Kami tiba di Kota S pukul 9 pagi. Semua peserta langsung mengikuti pelatihan sedangkan aku, Dokter Mirza, dan Mas Yogi sedang duduk bersama trainer di restoran. Namaku dan Dokter Mirza memang tak ada di daftar peserta. Aku memilih menyimpan rasa penasaranku tentang bagaimana Dokter Mirza mengatur ini semua. Akan kutanyakan saja nanti malam. Aku sangat yakin semua itu akan terjadi.

“Mas Yogi, kita ke hotel dulu atau tetap bareng teman-teman nanti sore?” tanya Dokter Mirza

“Saya tetap harus ke hotel dulu buat ngurus kamarnya, Dok. Kalau Dokter dan Mas Bayu mau istirahat dulu bisa ikut sekalian,” jawab Mas Yogi

“Saya di sini dulu saja, Dok. Teman-teman nggak ada yang ngawal. Dokter biar istirahat dulu saja,” kataku berusaha memperkecil kecurigaan

“Baik kalau begitu. Kita berangkat sekarang, Mas Yogi?” ajak Dokter Mirza

“Siap, Dok. Mas titip teman-teman dulu ya,” kata Mas Yogi

“Kami duluan ya, Mas,” pamit Dokter Mirza

Entah kenapa, kami seperti paham apa yang harus dilakukan. Padahal, tak banyak yang kami bicarakan perihal hari ini. Perselingkuhan ini benar-benar menakjubkan.

“Kepada teman-teman peserta, nanti bus akan stand by di lobby setelah pelatihan selesai. Mas Bayu akan memimpin perjalanan ke hotel tempat menginap. Saya akan menunggu di lobi. Semua kunci kamar ada di saya. Pembagian kamar ada di bawah ini ya”

Kuamati pesan dari Mas Yogi di grup. Dokter Mirza paling bisa memang dalam mengatur hal-hal seperti ini. Kamar kami bersebelahan. Hanya ada satu kamar peserta yang selantai dengan kami. Lainnya tersebar di dua lantai berbeda. Apa ya tidak akan menimbulkan kecurigaan kalau begini. Ah, biarlah. Pasti Ia sudah mengatur semuanya.

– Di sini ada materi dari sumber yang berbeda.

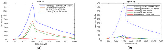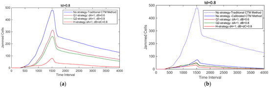 This example illustrates the differences between traditional vehicle allocation rules 6 and our new allocation rules 6. We analyze traffic jam formation and dispersion using three strategies, i.e., no strategy, Q-strategy, and H-strategy, under both the traditional and calibrated CTM methods. In this case, an accident occurs between the 301st and 1500th time intervals. Here, dA = 1.0 with dB = 0.6 and dC = 0.8 are for the Q-strategy, and dA = 1 and dB = dC = 0.8 are for the H-strategy. Figure 6a shows traffic jam propagation and dispersion using the traditional CTM method with td = 0.75, based on parameters from Luo et al. [17]. For comparison, Figure 6b presents the simulation results for both the traditional and calibrated CTM methods, also with td = 0.75.
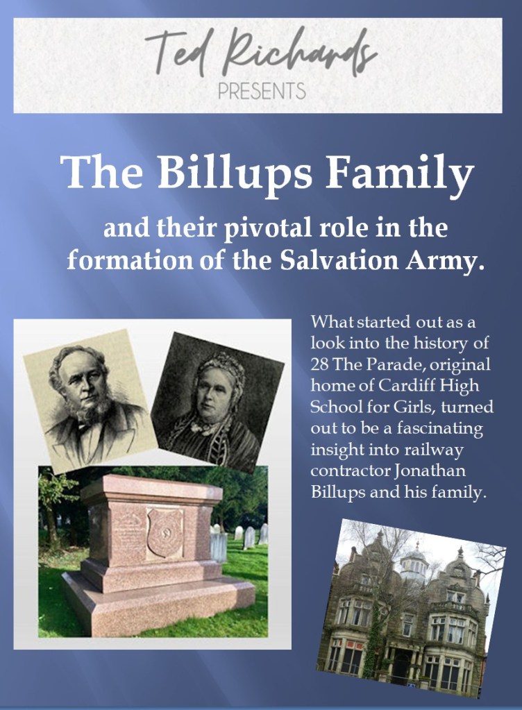 The Billups Family lived at 20 The Parade, Tredegarville, Cardiff which later became Cardiff High School for Girls. This talk looks at the pivitol role the Billups family appear to have had in the formation of the Salvation Army.

Perjalanan ke hotel tempat menginap hanya memakan waktu 15 menit. Hotelnya cukup bagus, sepertinya bintang 4. Dana dari program ini memang cukup untuk membiayai kegiatan dengan akomodasi begini. Apalagi, kader-kader yang ikut pelatihan saat ini telah bekerja begitu giat. Keliling dari satu desa ke desa lain. Mereka berhak mendapatkan apresiasi.

Setelah mendapatkan kunci dari Mas Yogi, aku berpamitan langsung ke kamar. Tidak ada Dokter Mirza di lobi tadi. Malam nanti hanya ada agenda makan malam di restoran hotel. Sampai di kamar aku segera merebahkan badan hingga tiba-tiba telepon kamarku berdering.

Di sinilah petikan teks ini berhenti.